Diabetes put on notice in Humboldt Park
Adults of Puerto Rican heritage who live in Humboldt Park have Type 2 Diabetes at thrice the average national rate, or about 21 percent of the population, according to research performed from 2002-06 by Sinai Urban Health Institute.
To combat this scourge – and its accompanying conditions like blindness, kidney failure, and the need for amputation – Diabetes Block Captains this summer will start going door-to-door as part of Block-By-Block: The Greater Humboldt Park Community Campaign Against Diabetes.
Photo: Ed Finkel
Jaime Delgado (left), project director for Sinai Urban Health Institute, talks with other attendees moments before the ribbon-cutting at the Greater Humboldt Park Diabetes Empowerment Center.

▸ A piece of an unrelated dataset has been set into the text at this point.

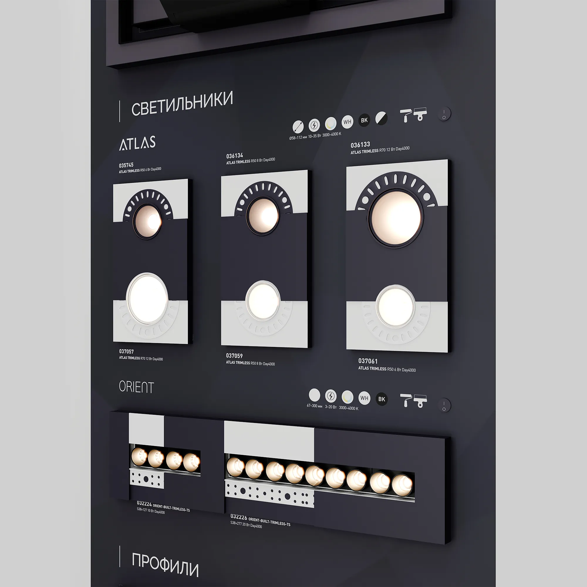 Стенд Безрамочное освещение. Включает в себя магнитные треки, светильники ATLAS, ORIENT, профили для установки под шпаклевку.
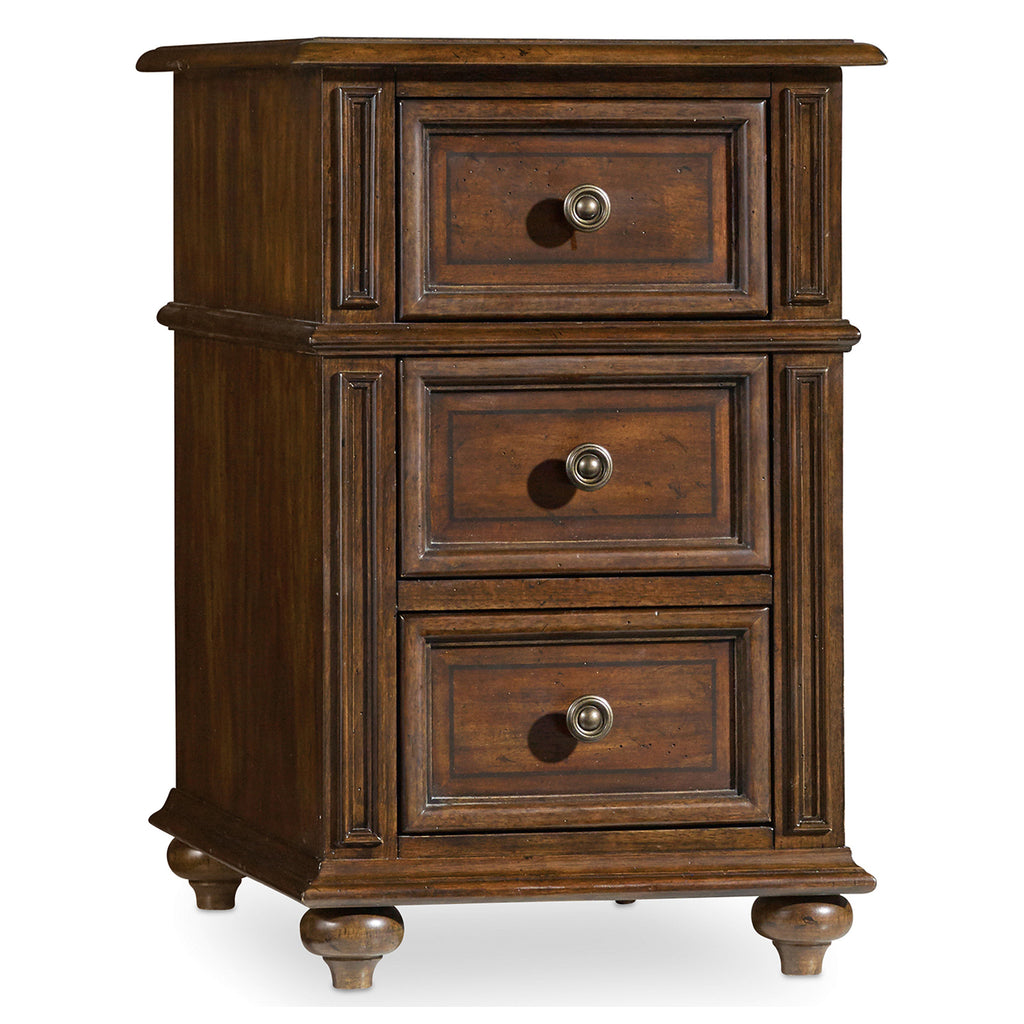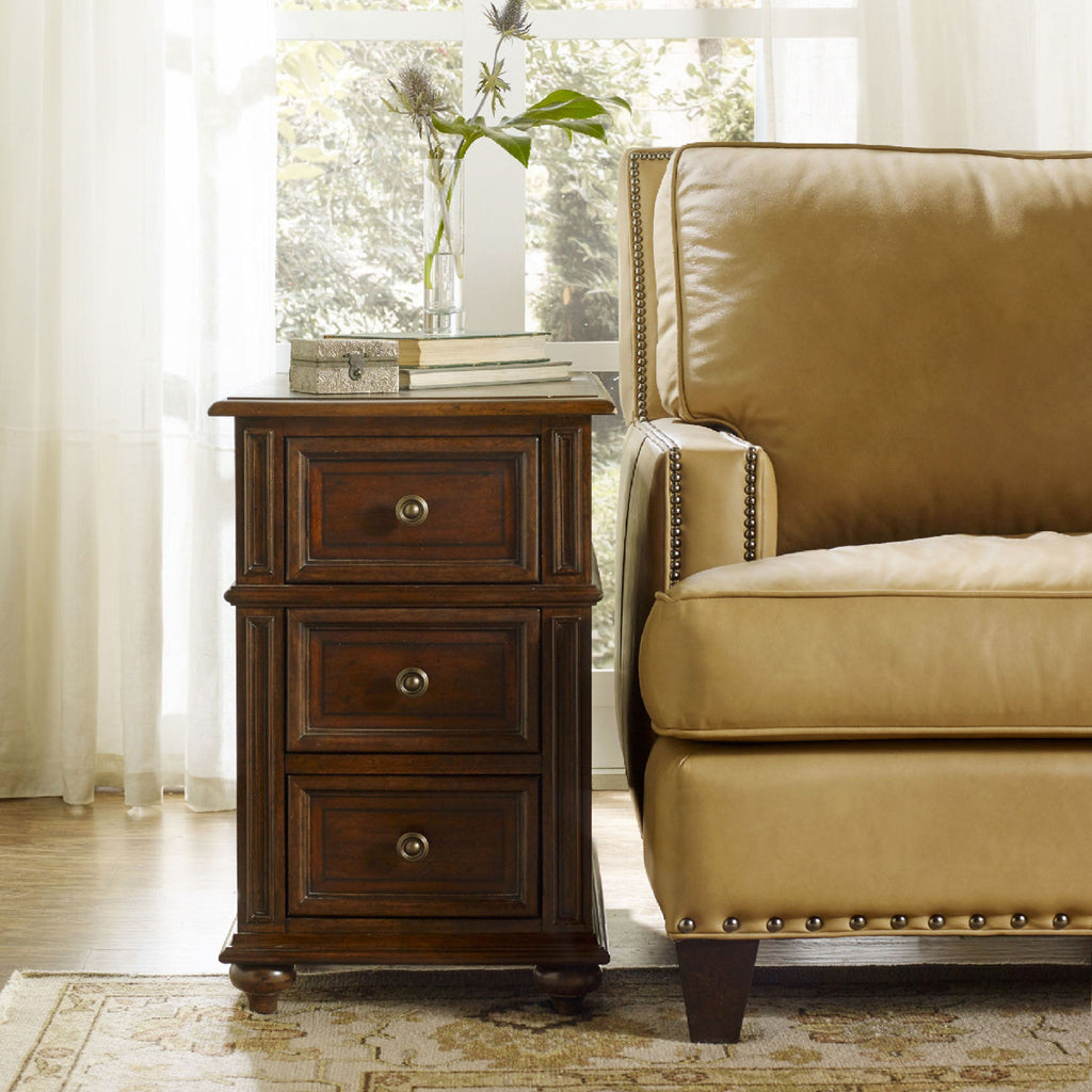 Chic and classic, the three-drawer Leesburg Chairside Chest brings comfort and convenience to your living space. A compact style icon at only 15 inches wide, this piece packs a punch even for tight spaces. Crafted of Swirl Mahogany and Ebony Veneers, the chest is finished with elegant cathedral and swirl mahogany veneers with light distressing for an authentic feel. The custom-designed knobs have an antique brass color.

“The community needs more information about the risks,” said Digna Gerena, a block captain for Block-By-Block who will help raise awareness, and a diabetic herself. “It has different effects on everyone. I feel hyper to do some exercise, I am thirsty all the time, and sometimes I want to sleep. Some people are always hungry.”
On April 23, about 100 stakeholders gathered to celebrate the opening of the Greater Humboldt Park Community Diabetes Empowerment Center, which will serve as a hub for the Block-By-Block effort and provide treatment and information for patients, their families and other community members.
The ribbon-cutting ceremony for the center, located at 2753 W. Division St., brought together the partners to the effort: Puerto Rican Cultural Center, Pueblo Sin Fronteras, The Greater Humboldt Park Community of Wellness, Rush University Medical Center, Sinai Urban Health Institute, and Norwegian American Hospital.
Photo: Ed Finkel
Among those who addressed the gathering on April 23 were Juana Ballesteros, executive director of Greater Humboldt Park Community of Wellness; and Dr. Steve Whitman, director of Sinai Urban Health Institute.
Delgado elaborated on the purpose during the quarterly Community of Wellness meeting on May 19. The four block captains in Block-By-Block will be going door-to-door with notepad computers to capture client data, which will then be forwarded to Rush and analyzed. They expect about 1,300 to 2,000 of those surveyed to be diagnosed with diabetes.
The empowerment center will attempt to bring a new level of cultural competency to outreach efforts, Delgado said. “We don’t want to impose this on people; we want an empowering model,” he said. “If we just tell them our way … it’s not a reciprocal communication.”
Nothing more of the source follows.